Solved – Feature Importance for Breast Cancer: Random Forests vs Logistic Regression

logisticmachine learningrandom forestregression coefficients

Assume I'm a doctor and I want to know which variables are most important to predict breast cancer (binary classification). Two different scientists each present me with a different feature importance figure…

Logistic Regression with L2 norm (absolute values of model coefficients; 10 highest shown):
enter image description here

And Random Forests (10 highest shown):
enter image description here

The results are very different. Which scientist should I trust? Are one/both of these figures meaningless?

Code below; using the Wisconsin Breast Cancer data-set in scikit-learn.

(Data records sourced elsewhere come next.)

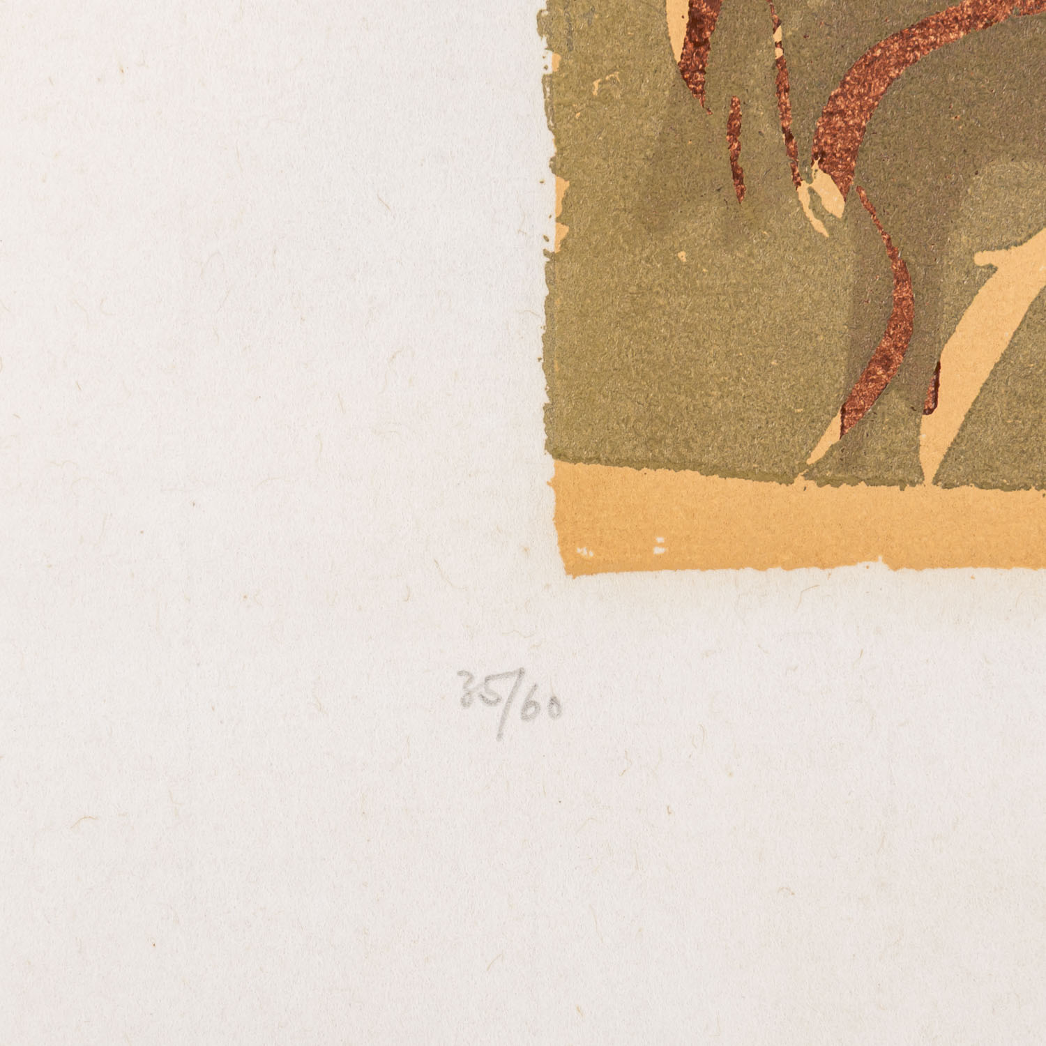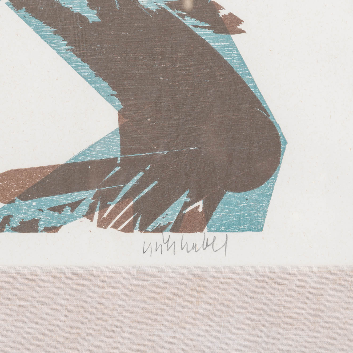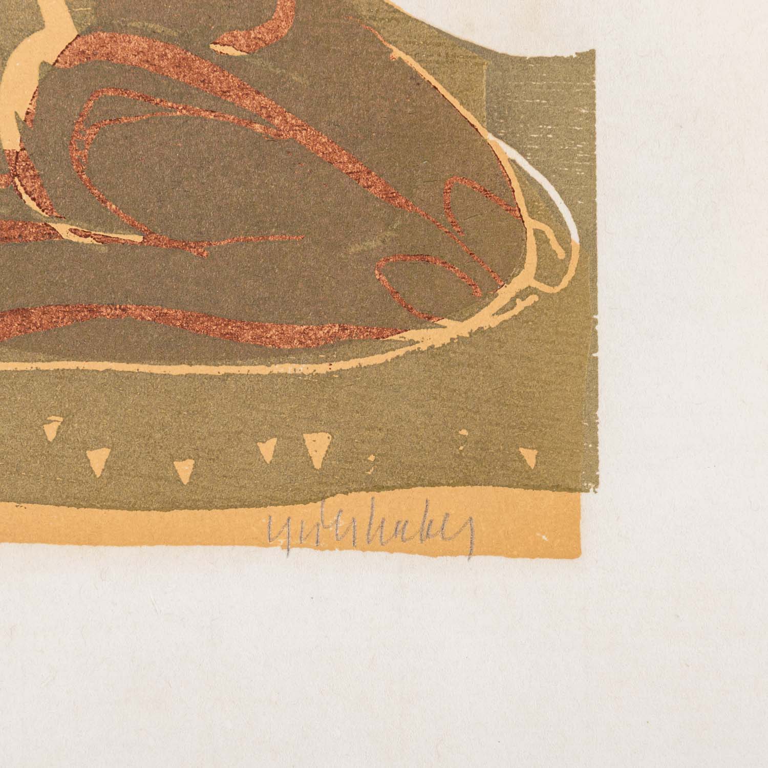1.) 'Das andere Ufer vor Augen', Farbholzschnitt (ocker, braun und Goldton)/Bütten, u.re. mit Bleistift von Hand signiert, u.li. mit Bleistift num. 35/60, HxB: Platte ca. 21,5x16,5 cm, Blatt ca. 39,5x28 cm. Gebräunt und part. fleckig. Ohne Rahmen; 2.) 'Die Füße des Donners', Farbholzschnitt/Papier, u.re. mit Bleistift von Hand signiert, HxB: Platte ca. 38x28,5 cm, Passepartoutausschnitt ca. 40x28 cm. Außenmaß Rahmen ca. 58x45 cm. Altersspuren, leicht gewellt. Im Passepartout hinter Glas gerahmt.
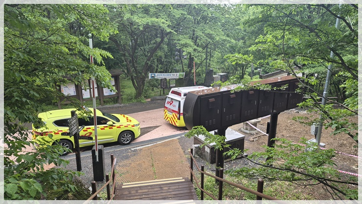 칼바위 삼거리에서 굵은 빗방울이 떨어져 우의를 걸쳤습니다.
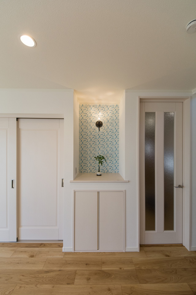 爽やかな印象を与える青のモザイク柄アクセントクロスをあしらった収納スペース。
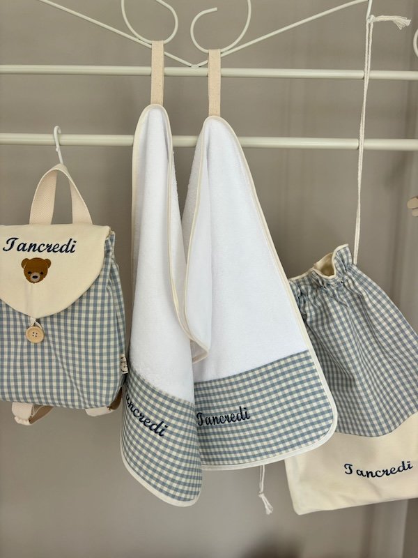Il nostro Set Asilo è pensato per accompagnare i più piccoli con tutto il necessario, unendo praticità e un dolcissimo design artigianale. Ogni pezzo è realizzato con cura e attenzione ai dettagli, con tessuti morbidi, resistenti e personalizzabili con il nome del bambino. Perfetto per rendere ogni giornata unica e organizzata!
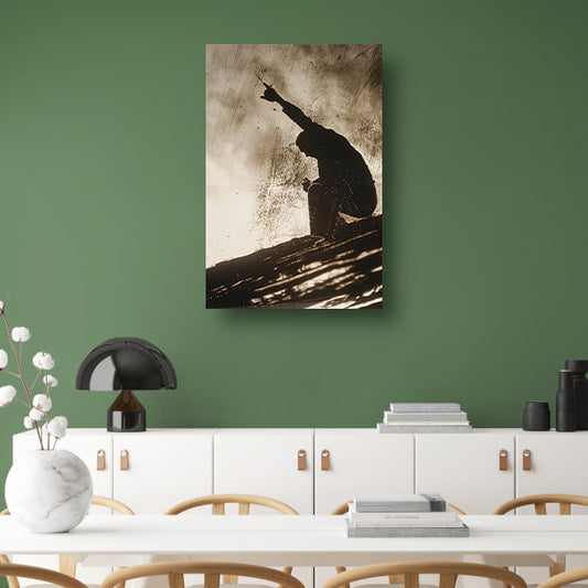 Schaduw van een persoon met opgeheven vingers canvas
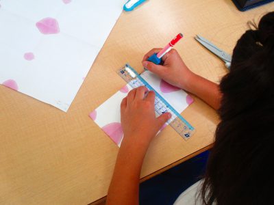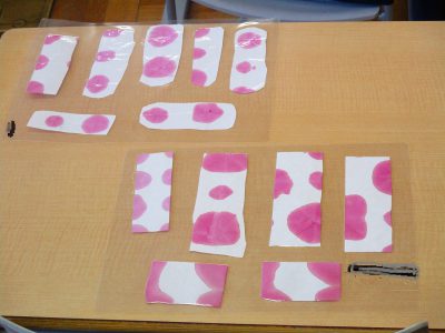 1学期末に、あさがおの色水遊びで染めた和紙を切り取って作ります。
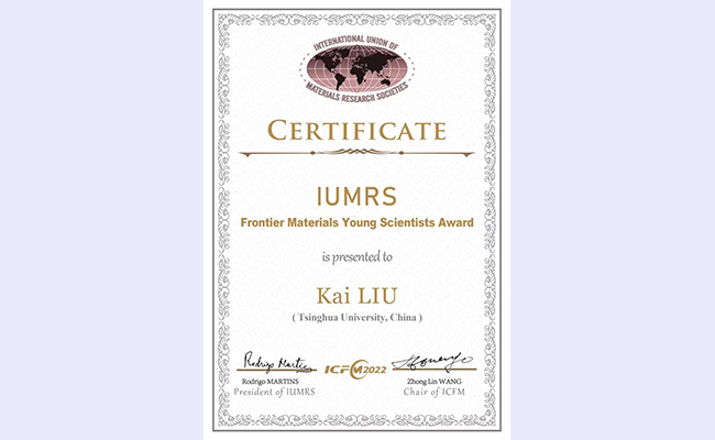 2022.06材料学院刘锴副教授荣获国际材料研究学会联盟前沿材料青年科学家奖
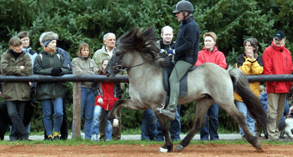 Highlight der Veranstaltung der Auftritt des aus Dänemark angereisten mehrfachen Weltmeisters Johann R. Skulason mit Hvinur. Der Zuschauer durfte dem Meisterpaar beim Tölttrainig zuschauen. Eine beeindruckende Vorstellung.
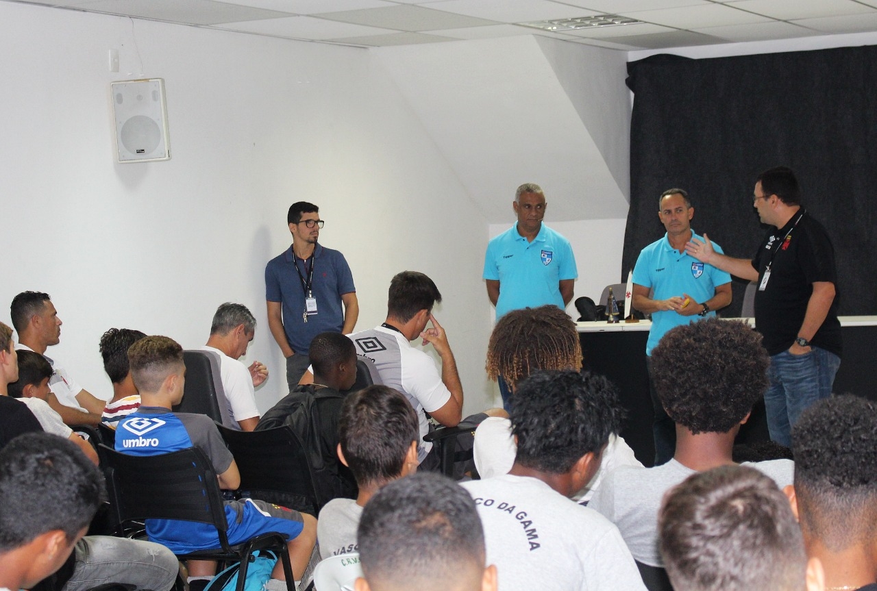 A preparação das categorias sub-15 e sub-17 do Vasco da Gama para o Campeonato Carioca também se estende para fora do gramado. Parte deste processo aconteceu neste sábado (17/03), com a realização de uma palestra sobre arbitragem, em parceria com a FERJ. No Salão de Beneméritos de São Januário, os profissionais Sergio Oliveira Santos, secretário da Comissão de Arbitragem e coordenador da Comissão de Ensino, e Claudio José de Oliveiras Soares, instrutor da COAF/RJ, conversaram com os atletas cruzmaltinos e exaltaram a iniciativa do Gigante da Colina.
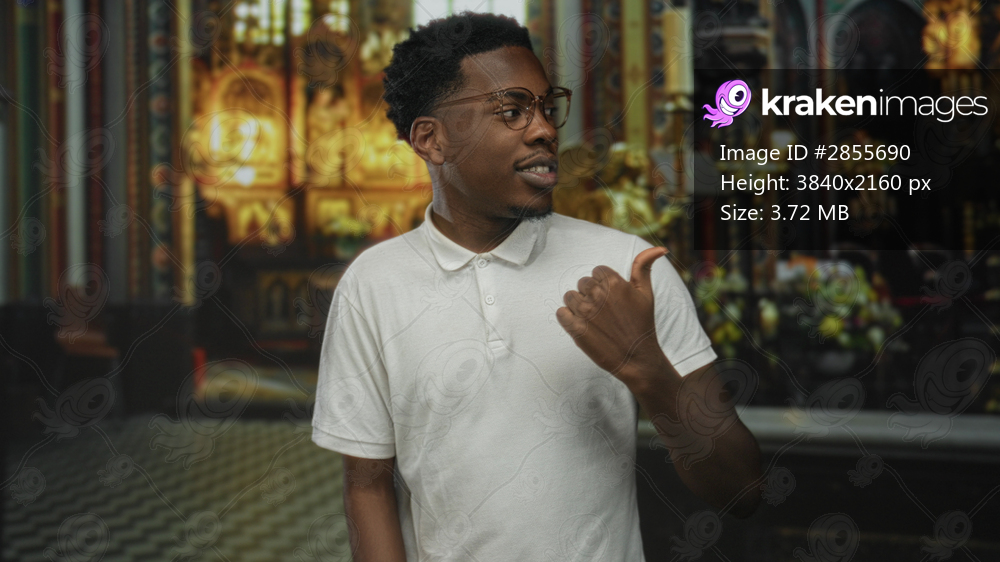 Man wearing a white polo shirt with finger to lips for silence in ornate church building interior by golden altar; serenity.
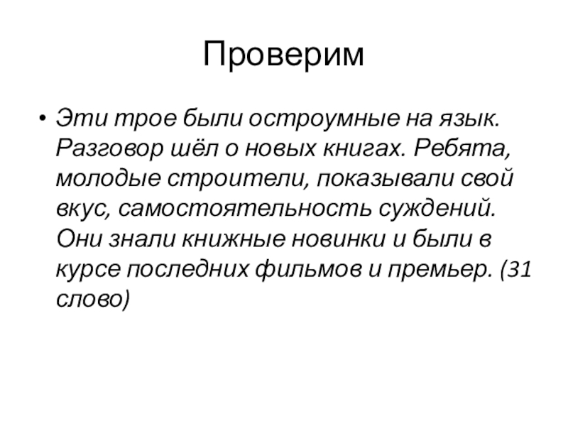 Ребята, молодые строители, показывали свой вкус, самостоятельность суждений. Они знали книжные новинки и были в курсе последних фильмов и премьер. (31 слово)
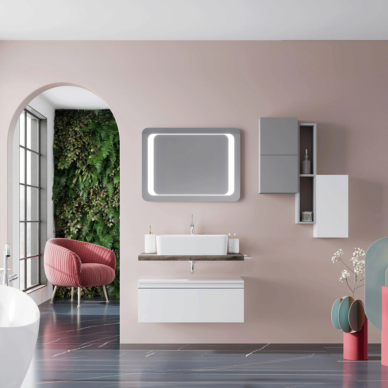 Realizat in totalitate din lemn laminat iar finisajul gri contribuie la aspectul frumos al acestuia. Dulapul are o mica polita pe care sa va puneti cateva lucruri de igiena personala.
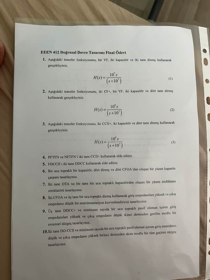 Aşağıdaki, paylaşmış olduğunuz 10 maddelik final ödevi sorularıdır. Bunlar, doğrusal devre tasarımı kapsamındaki transfer fonksiyonlarının, aktif devre elemanlarıyla (VF, CCII+, DDCC, CFOA vb.) gerçekleştirilmesi ile ilgilidir.
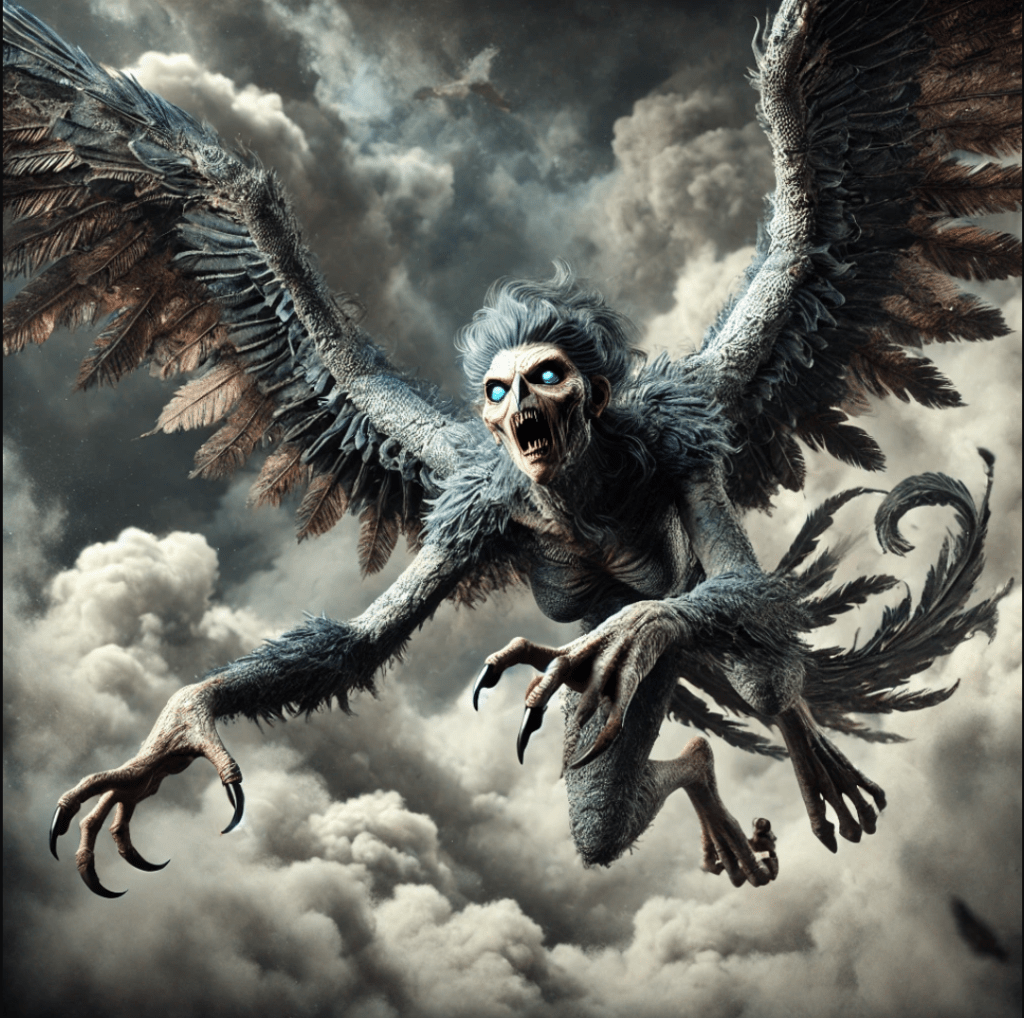 The Harpies were fierce, winged spirits in Greek mythology, often depicted as half-woman, half-bird creatures with sharp talons. Their name means “snatchers,” as they were known for stealing food and carrying off souls to the underworld. Originally, they were wind spirits, but later myths portrayed them as agents of divine punishment. They would descend upon their victims with terrifying speed, leaving destruction and despair in their wake. Their most famous role was in the story of King Phineus of Thrace.
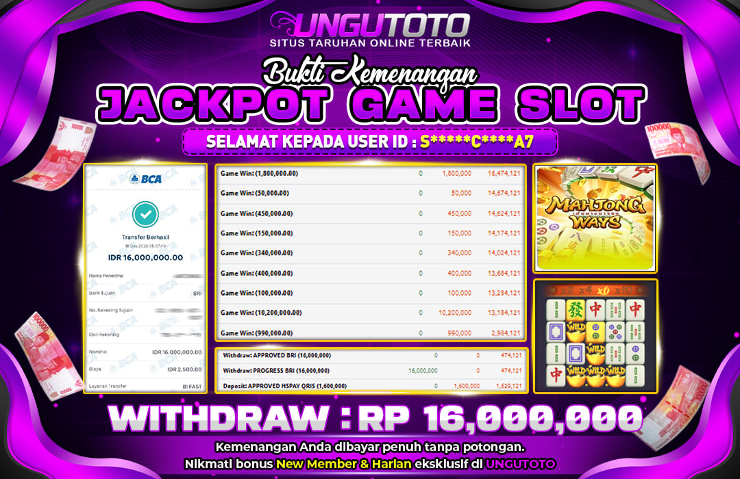 UNGUTOTO JACKPOT MAHJONG WAYS Rp.16.000.000 LUNAS
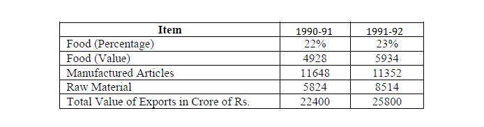 The starting point for filling the data in the vacant columns of the given table should from food’ export value. We know that in 1991-92, value of food export is 23% of 25800= 5934. Now as it is given that this figure is 1006 cr more than last year’s value, hence value of food in 1990-91 is 4928. (The rest of the explanation of how the following values were arrived at is given after the table).
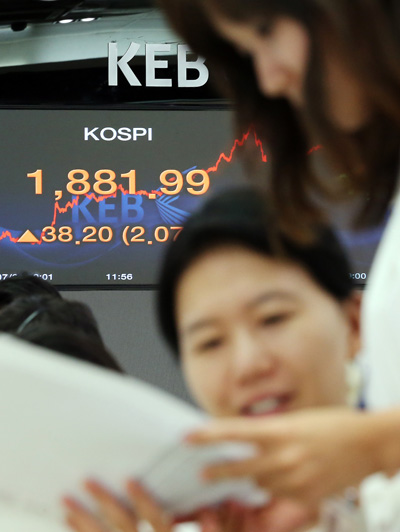 유럽 재정위기가 완화될 것이라는 기대가 고조돼 코스피가 38포인트 이상 급등했다. 31일 코스피는 전날 종가보다 38.20포인트(2.07%) 오른 1,881.99에 장을 마감했다. 이는 종가 기준으로 지난달 21일 이후 가장 높은 수준이다. 지수는 1,945.46으로 출발, 시간이 갈수록 상승폭을 확대해 오후들어 1,896.83까지 오르며 1,900선을 넘보기도 했다. 한편 서울 외환시장에서 원화에 대한 달러화 환율은 7.0원 하락한 1,130.6원에 장을 마감했다. 사진은 이날 오후 명동 외환은행 본점 딜링룸.

from sklearn.datasets import load_breast_cancer
from sklearn.linear_model import LogisticRegressionCV
from sklearn.ensemble import RandomForestClassifier
import numpy as np
import matplotlib.pyplot as plt

data = load_breast_cancer()
y = data.target
X = data.data

clf = LogisticRegressionCV(max_iter=3000)
clf.fit(X, y)
coefs = np.abs(clf.coef_[0])
indices = np.argsort(coefs)[::-1]

plt.figure()
plt.title("Feature importances (Logistic Regression)")
plt.bar(range(10), coefs[indices[:10]],
       color="r", align="center")
plt.xticks(range(10), data.feature_names[indices[:10]], rotation=45, ha='right')
plt.subplots_adjust(bottom=0.3)

clf = RandomForestClassifier(n_jobs=-1, random_state=42, n_estimators=400, max_depth=6, max_features=6) #has already been tuned
clf.fit(X, y)
coefs = clf.feature_importances_
indices = np.argsort(coefs)[::-1]

plt.figure()
plt.title("Feature importances (Random Forests)")
plt.bar(range(10), coefs[indices[:10]],
       color="r", align="center")
plt.xticks(range(10), data.feature_names[indices[:10]], rotation=45, ha='right')
plt.subplots_adjust(bottom=0.3)

plt.ion(); plt.show()

Best Answer

From your comments, it seems like what you are really after is feature selection - you want a set of models that use variable numbers of features (1, 2, 3, ..., N), such that incrementally adding a new feature yields as great an increase in model performance as possible. Then the decision makers can assess whether they want to carry out a costly procedure to obtain the data for an additional feature to use a more complicated model with greater precision/recall. We assume here that it costs the same to obtain the data for each feature.

In that case, I would separate your data into a training and test set; I would use cross-validation on the training set to select the best incremental feature (strictly speaking, you need to use nested cross-validation here, but if that is computationally infeasible or you don't have enough data we can verify that we did not overfit by cross-referencing CV results with test set results at the end). That is, you would start by trying each feature on their own, and choose the feature that gives you the best CV performance. You would then repeat the process to iteratively add additional features.

Note whether different CV folds show up with different best incremental features - if the variability is too high, this approach may not be feasible.